# [Batch] Programmausgabe in Datei speichern



## Felsti (29. September 2005)

Hallo zusammen,

ich habe eigentlich ein ganz einfaches Problem:
ich möchte ein Programm ca. 25 Mal hintereinander ausführen und alle 25 Ausgaben zusammen in EINER Datei speichern.

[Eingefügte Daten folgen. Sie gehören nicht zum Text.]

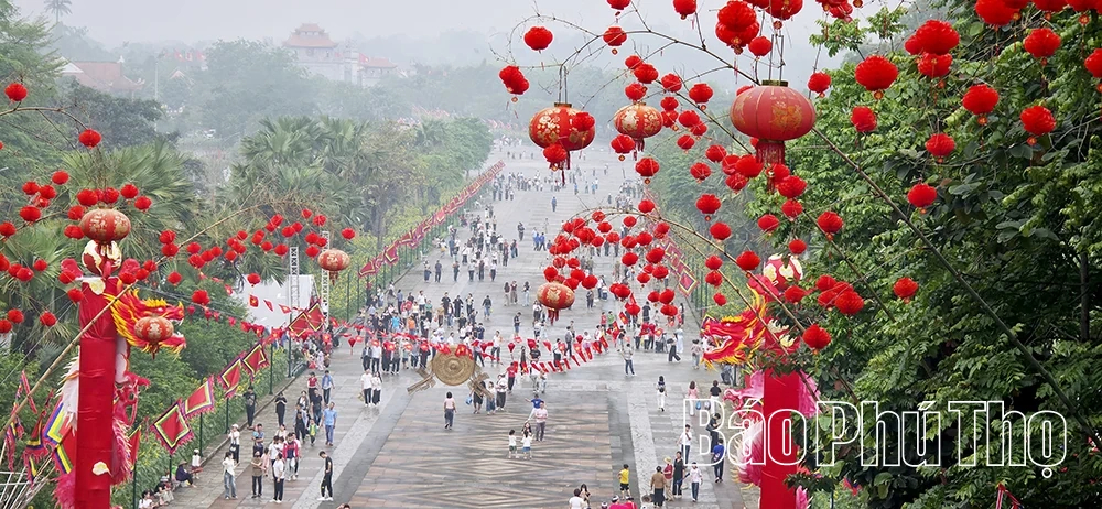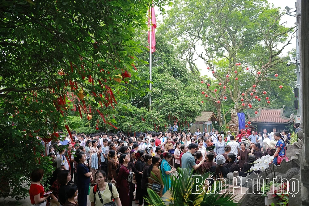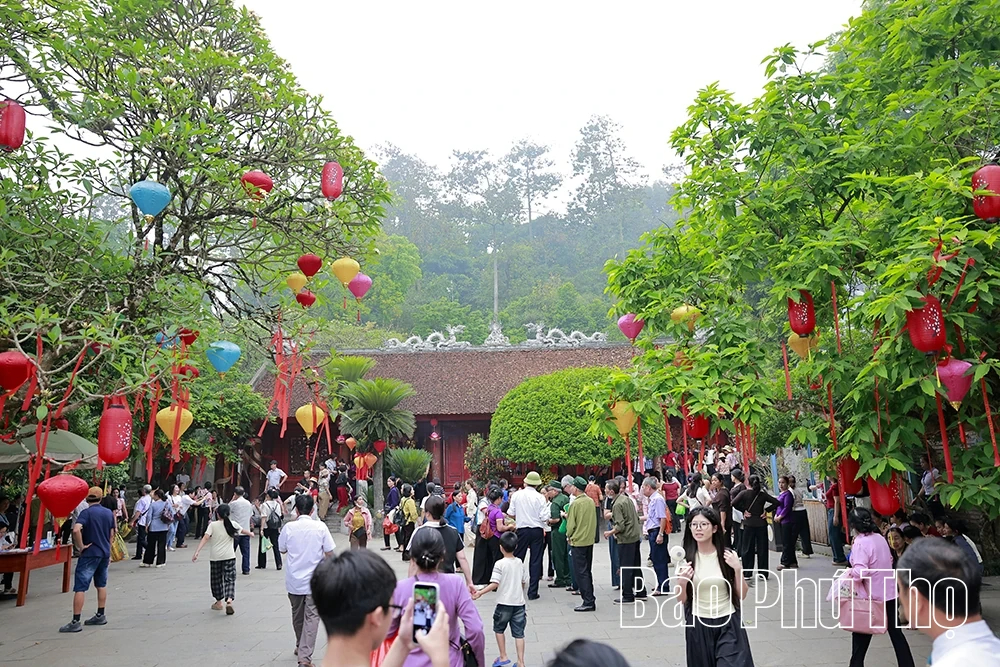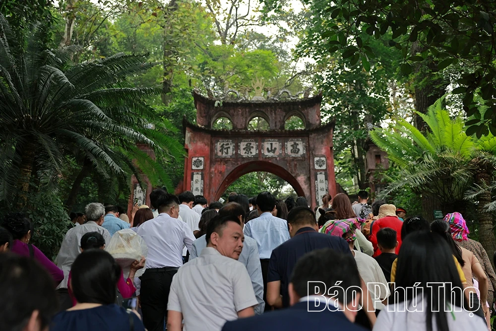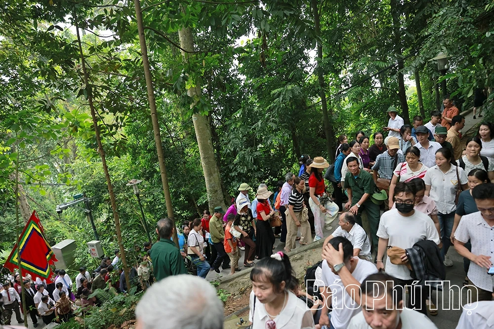 Trong không gian bảng lảng khói sương nơi núi Nghĩa Lĩnh linh thiêng, đông đảo người dân từ khắp mọi miền Tổ quốc đã về dâng nén tâm hương, thành kính tri ân công đức Tổ tiên. Giữa đại ngàn xanh thẳm, từng đoàn người nối nhau tạo nên khung cảnh trẩy hội náo nức, rộn ràng.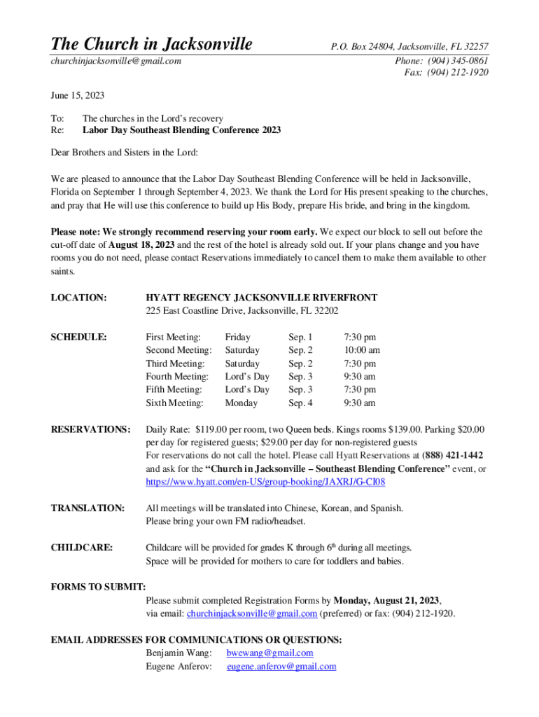 The Church in JacksonvilleP.O. Box 24804, Jacksonville, FL 32257 Phone: (904) 3450861 Fax: (904) 2121920churchinjacksonville@gmail.comJune 15, 2023 To: Re:The churches in the Lords recovery Labor

Daß man mit "start programm.exe" ein Programm ausführt ist mir klar, aber ansonsten ist das für mich unbekanntes Land 
Hat jemand nen Tipp für mich?

Grüße, Felsti

EDIT: falls es nicht in EINER Datei geht: wie kann man überhaupt die Ausgabe eines Programms in eine Datei speichern?


----------



## Thomas Darimont (30. September 2005)

Hallo!

Programm > Datei
(leitet Ausgabe von Programm in Datei (Erzeugt für jede Ausgabe eine neue Datei))

Programm >> Datei
(hängt die Ausgabe von Programm an Datei an. Wenn keine Datei existiert wird sie neu erstellt.)

Gruß Tom


----------



## Felsti (30. September 2005)

Super dankeschön, ich wusste doch, daß es einfach sein würde 

Dann gleich zur nächsten Frage:
Kann man im Batch auf gleich einen regulären Ausdruck draufwerfen, der bestimmte Teile aus dem gespeicherten Text rausfiltert? Hast du da eventuell nen Link zu ner Doku?

Danke!


----------



## Matthias Reitinger (30. September 2005)

Du könntest die Ausgabe des Programms über den „Pipe“-Operator an find weiterleiten:
programm | find "zeichenkette" >> ausgabe.txt

Damit lässt sich allerdings nur nach einer bestimmten Zeichenkette suchen. Reguläre Ausdrücke wären mit grep an Stelle von find möglich.


----------